- Born: 4 July 1981 (age 44) Sydney, New South Wales, Australia
- Occupations: Journalist, radio host
- Years active: 2008–2024
- Known for: reporter for Nine News, hosting afternoon drive on 2GB
- Notable work: Bankstown Hospital (2016); Ruby Princess (2020)
- Spouse: Yvonne Sampson
- Children: 1

= Chris O'Keefe =

Australian journalist

Chris O'Keefe (born 4 July 1981) is an Australian former journalist and radio host.

He is best known for his work with Nine Entertainment, as a reporter for Nine News, and as a presenter for Nine Radio's Sydney station 2GB.

==Career==
O'Keefe began his career in 2008 with an internship at St George and Sutherland Shire Leader before moving to television in 2010 as a reporter for Ten News on the Gold Coast.

O'Keefe joined the Nine Network as a reporter for Nine News on the Gold Coast in 2012, before moving to Brisbane in 2013 as a police reporter for Nine News Queensland.

In 2014, O'Keefe relocated back to Sydney when he became a political reporter for Nine News Sydney.

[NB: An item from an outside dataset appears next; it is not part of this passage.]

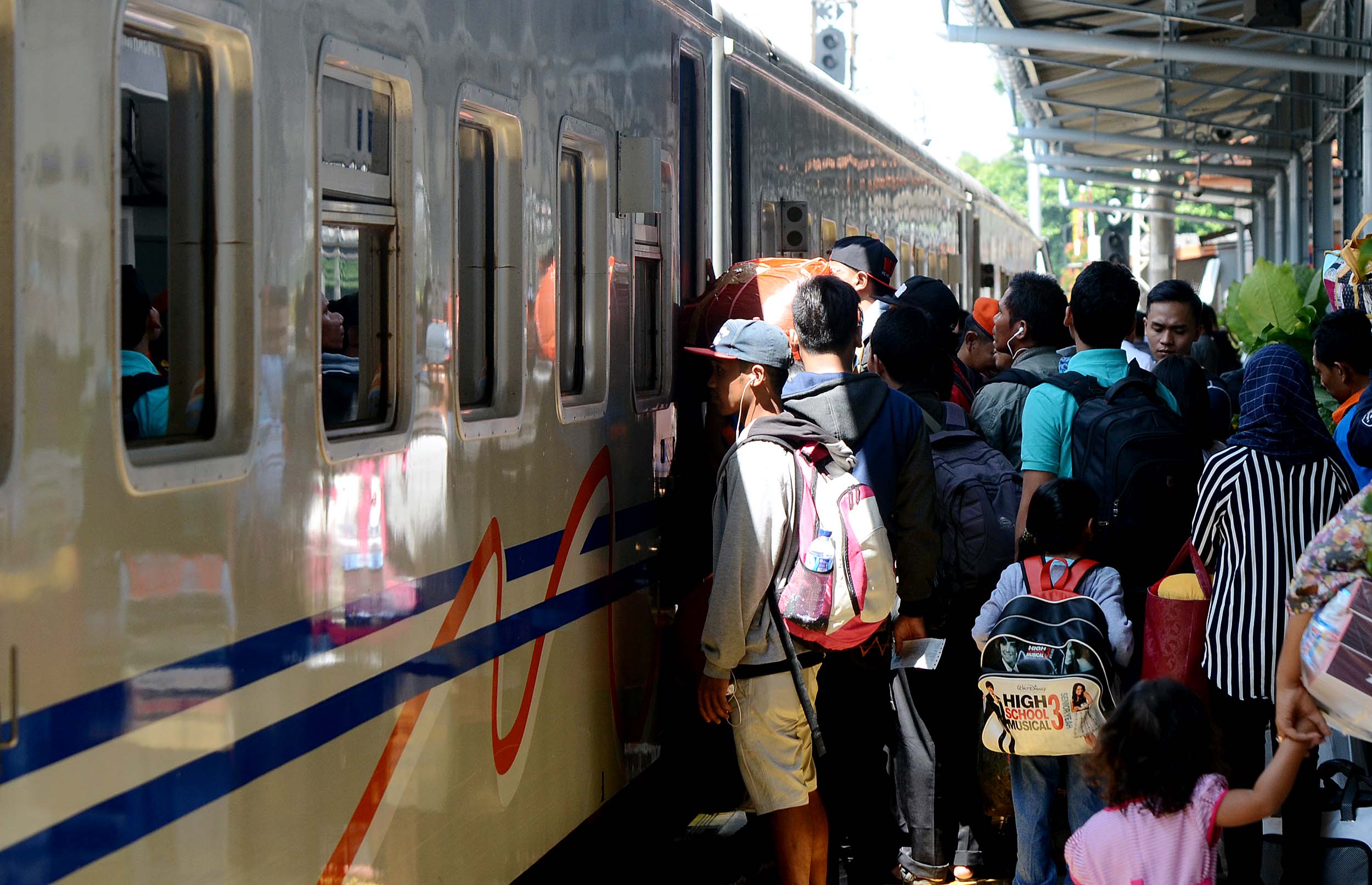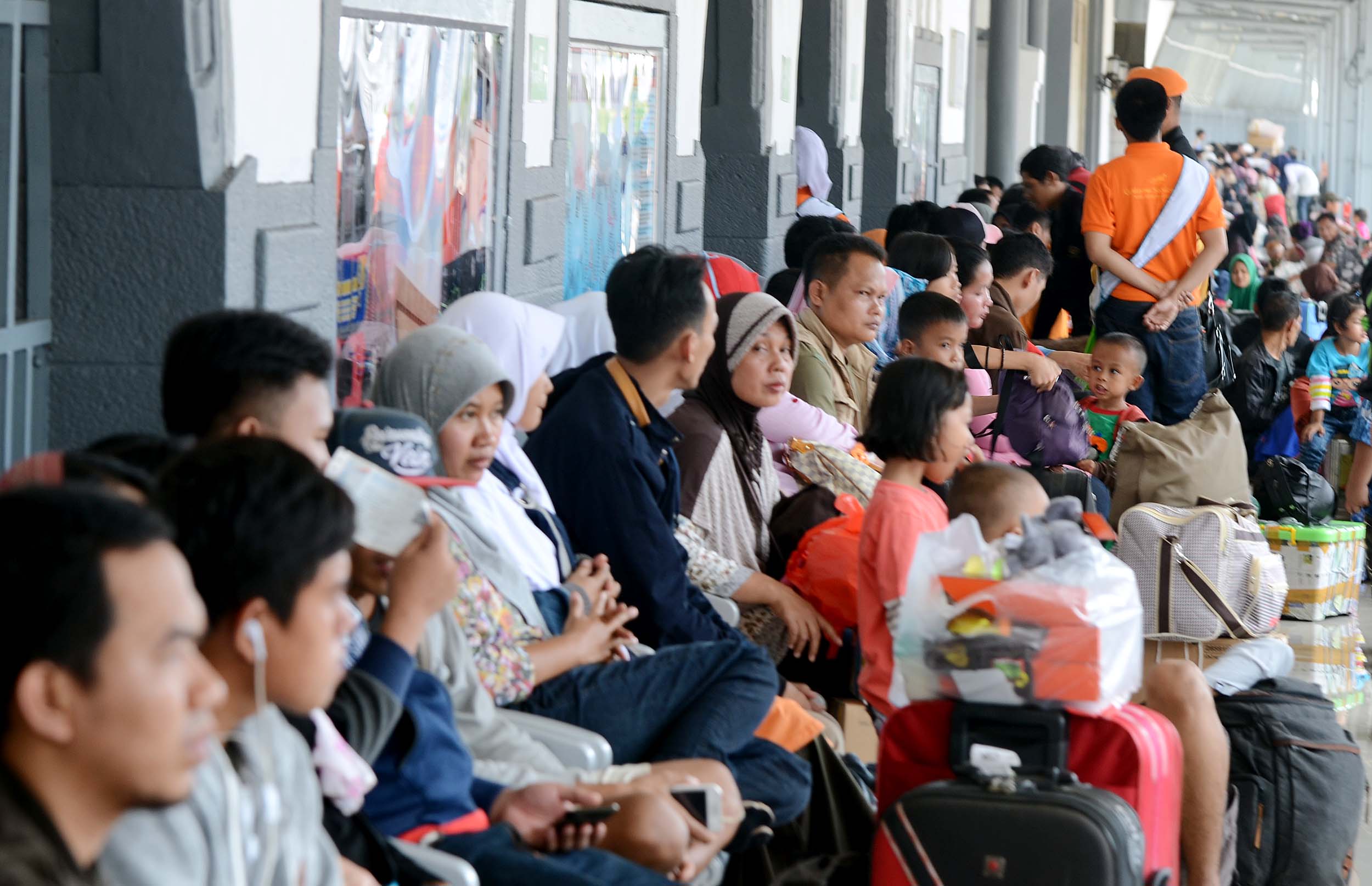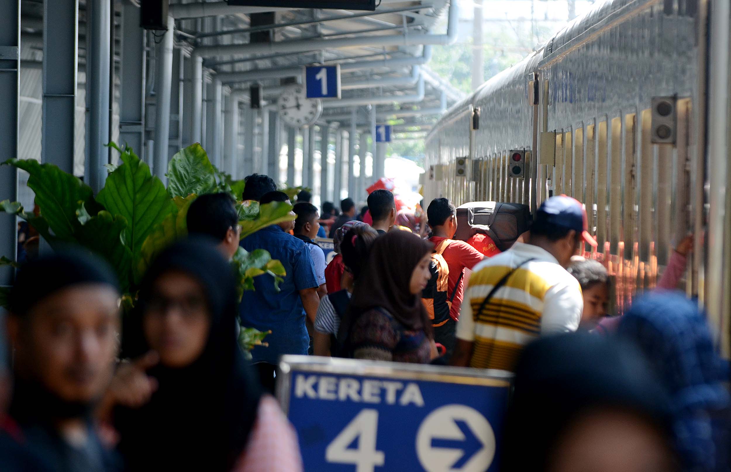 Sejumlah penumpang menunggu kereta jurusan Jawa Timur di Stasiun Kereta Senen, Jakarta, Rabu (29/6/2016). Peningkatan pemudik di stasiun Senen mengalami lonjakan 30%. Sejak hari Sabtu kemarin tercatat sebanyak 81ribu pemudik pulang melalui stasiun Senen.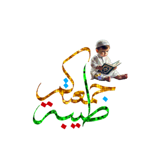 An animated sticker featuring Arabic calligraphy for 'Blessed Friday' and 'Mohamed', with a child reading a religious book and roses.

During his time at Nine, O'Keefe has appeared on Today and has been a fill-in presenter on
A Current Affair. When long-serving A Current Affair host Tracy Grimshaw announced her retirement in 2022, O'Keefe was considered to be one of the front runners to be announced as her permanent replacement.

However, in November 2022 O'Keefe was named as the new presenter of the 2GB afternoon drive program following the departure of Jim Wilson. Prior to being announced the permanent host of the 2GB afternoon drive program, O'Keefe had been a fill-in presenter on the show throughout 2022.

O'Keefe started his new permanent role at 2GB on 9 January 2023.

In the lead-up to the 2023 Australian Indigenous Voice referendum, O'Keefe supported the Yes campaign, disagreeing with leading 2GB presenter Ben Fordham.

In 2024, O'Keefe resigned from 2GB and quit media to start a political advocacy company. His last show aired on 13 December 2024.

==Awards==
As a police reporter for Nine News Queensland, O'Keefe was recognised by the Gold Coast Media Club in 2014 for his story on the Broadbeach Bikie Brawl in October 2013.

In 2016, he won a Walkley Award in the Television/Audio-Visual: News Reporting category, beating out Network 10's Waleed Aly and the Seven Network's Robert Ovadia. O'Keefe received the Walkley Award for his work exposing gross negligence at Bankstown Hospital after a fatal mix-up resulted in nitrous oxide being administered to a newborn baby instead of oxygen.

In 2017, O'Keefe received four Kennedy Awards. He was named "Journalist of the Year" and "Outstanding Political Journalist" and also received "the Harry Potter Award for Outstanding Television News Reporting" and "the Rebecca Wilson Award for Scoop of the Year".

O'Keefe received a Kennedy Award in 2020 for "outstanding political journalism" for his coverage of the Ruby Princess.

==Personal life==
O'Keefe grew up in the St George area of Sydney where he began attending St Joseph's Catholic School in Oatley in 1994. He later attended Waverley College, graduating in 2006.

He married sports broadcaster Yvonne Sampson in October 2018 at Bowral, New South Wales. They had announced their engagement the previous year after dating for more than three years. Their son was born in March 2022.